Os lábios dele enunciaram, e ela balançou a cabeça lentamente, respirando por mais alguns segundos antes de olhar para cima e balançar a cabeça com uma sensação maior de segurança. Ele acenou com a cabeça, uma pequena sugestão reconfortante de um sorriso antes de se ajoelhar e colocar o alto-falante e o microfone em sua mochila. Era pesado e ele decidiu colocá-lo em sua mochila. Assim que ele colocou a bolsa sobre os ombros mais uma vez, ele se ajoelhou novamente e fez o mesmo sinal que ela havia feito alguns minutos atrás. Sua mão alcançou a parte inferior do queixo e estendeu-se para fora. Obrigado. Regan sorriu e sua respiração finalmente se acalmou um pouco, e os gritos entre suas orelhas desapareceram. Sua mão alcançou o topo de sua cabeça e então desceu para o queixo. "De nada." Ela sussurrou enquanto sinalizava, sua fala um pouco menos quebrada desta vez, mas sua voz ainda estava pouco acima de um sussurro. Ele notou aquele sinal em sua cabeça também. 
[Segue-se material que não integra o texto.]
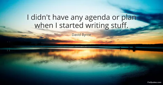 Byrne, David. (2026, January 15). I didn't have any agenda or plan when I started writing stuff. FixQuotes. https://fixquotes.com/quotes/i-didnt-have-any-agenda-or-plan-when-i-started-144968/
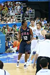 In 2008, Nocioni was selected to play with Argentina in the Beijing Summer Olympics. Argentina advanced to the quarter-final with four wins, placing behind Lithuania in the group stage, after defeating Russia. In the game against Russia, Nocioni hit 4 three-pointers, finishing with 19 points.[43] After defeating Greece in the quarterfinals, the Argentine team lost their Olympic semifinals rematch from 4 years earlier against the US team. Due to knee tendinitis,[44] Nocioni only played 18 minutes, scoring 10 points, and securing 4 rebounds.[45] Argentina next played Lithuania, in the bronze medal match, which Argentina won 87–75.[46] Nocioni scored 14 points in that game.[45]
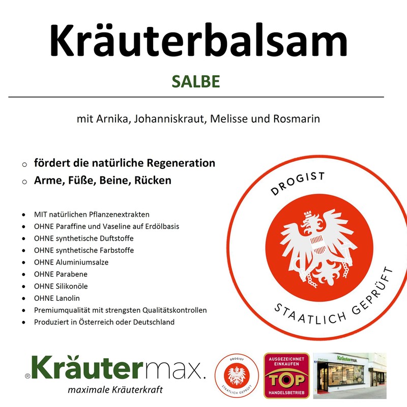- Proven: With Kräutermax you will receive natural herbal ointments made from high-quality raw materials of herbs cosmetics against the most diverse complaints
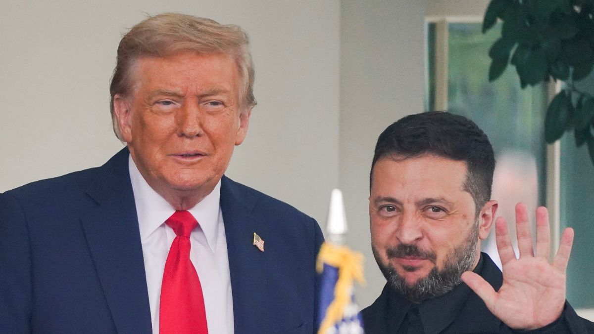 美國總統川普(左)8月18日迎接來訪的烏克蘭總統澤倫斯基。路透社
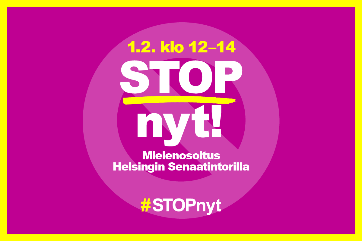 Palkansaajakeskusjärjestöt SAK ja STTK kutsuvat koolle STOP nyt! -mielenosoituksen hallituksen työelämäheikennyksiä ja sosiaaliturvan leikkauksia vastaan torstaina 1. helmikuuta. Mielenosoitus järjestetään Helsingin Senaatintorilla klo 12.00–14.00.
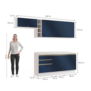Transforme sua cozinha com toda a beleza e praticidade do Conjunto CB1411 da Cozinha Celeste Kappesberg. Produzido 100% em MDF de 15mm, o que garante mais robustez, firmeza e qualidade, além de um acabamento perfeito. São 2,30m de altura, 2,60m de largura e 52cm de profundidade nos balcões e 37cm nos aéreos. A caixaria é em pintura na cor branca e acabamento brilho, enquanto as frentes são na cor azul profundo, com acabamento fosco.
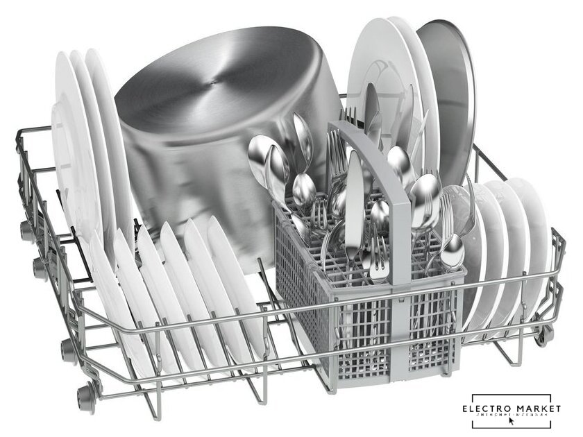 загрузка на 10 комплектов посуды, электронное управление, 7 программ, 59.8x55x82 см, нержавеющая сталь/черный цвет, сушка: стандартная (конденсация)/с открыванием дверцы, индикация на полу: луч
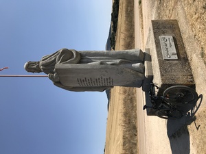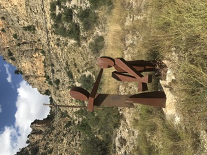 Après cette longue descente, je repars sur des pistes plus techniques, avec une autre ascension en pleine chaleur de midi pour atteindre 1705 mètres d’altitude au Puerto de Villa Rosario, du côté de Bronchales. C’est compliqué. Après Albarracín, dans une clairière, je suis intrigué par une statue en fer. Je freine, fais demi-tour et regarde. Il s’agit d’une sculpture en hommage à une fusillade qui a eu lieu durant la guerre d’Espagne en 1936. Le 16 septembre 1936, l’armée franquiste a fusillé des habitants locaux. La sculpture, pleine d’émotion, est placée dans un endroit isolé. Difficile de s’arrêter en voiture et de se recueillir. C’est symbolique de l’Espagne actuelle. La question de construire un musée en l’honneur de la guerre d’Espagne est débattue depuis des années, mais rien n’a été fait. Il faudrait que je revienne à Teruel pour visiter ces lieux, car ce fut un haut lieu de la guerre d’Espagne, entre 1936 et 1939.
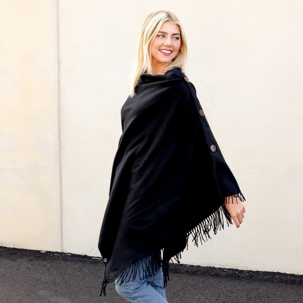Snuggle up with this cozy plaid button scarf, and add both function and style to your outfit! Plaid is a classic, timeless choice, yet on-trend for fall. These blanket scarves have real wooden, functional buttons that convert this traditional scarf into a shawl/cape that can be worn in a number of different ways. Buttons down the middle or to the side. Unbuttoned to wrap around your neck. Perfect for the cooler nights ahead, a football game, bonfire, when a jacket is just too much. And throughout the season for the simple, classic style you are looking for.
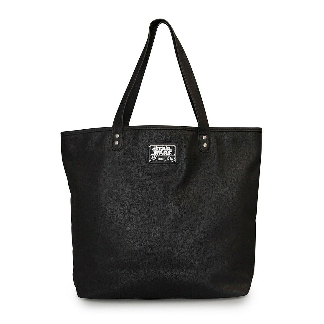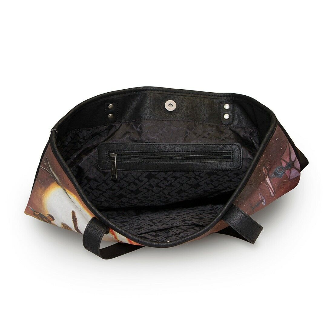 This fun fashion tote features "The Force Awakens" movie poster photo and includes Darth Vader, Rey, Finn, Poe, Chewbacca, R2-D2, C-3PO, BB-8 and the image of a lightsaber going thru the center. Tote has a black "STAR WARS" imprinted lining, interior zip pocket with Loungefly logo pull, interior sleeve pocket, top magnetic closure, simulated leather straps, silver finish hardware, and the Loungefly STAR WARS label plate. The front of the tote features the movie poster photo and the back is solid black with the label plate.

Depois de outro segundo, ela puxou a bolsa sobre os ombros e ficou ao lado dele. Ele tirou o rifle de seu peito e ela o tirou com gratidão, com cuidado - e em silêncio - puxando para trás a embreagem como fizera antes dela uma hora atrás. Ele acenou com a cabeça e eles começaram a andar novamente, lado a lado novamente. Houve um silêncio confortável, e os dois caminharam cerca de trinta centímetros um do outro. Regan puxou o mapa do bolso de trás e tirou o marcador do bolso da jaqueta. Ela desdobrou o papel e traçou o caminho que haviam percorrido pela cidade com caneta vermelha. Eles não estavam muito longe do porto e das docas. Era onde os barcos estavam. Os dois pararam de andar por mais um momento, enquanto ela imaginava para que lado eles estavam indo, já que estavam em um cruzamento.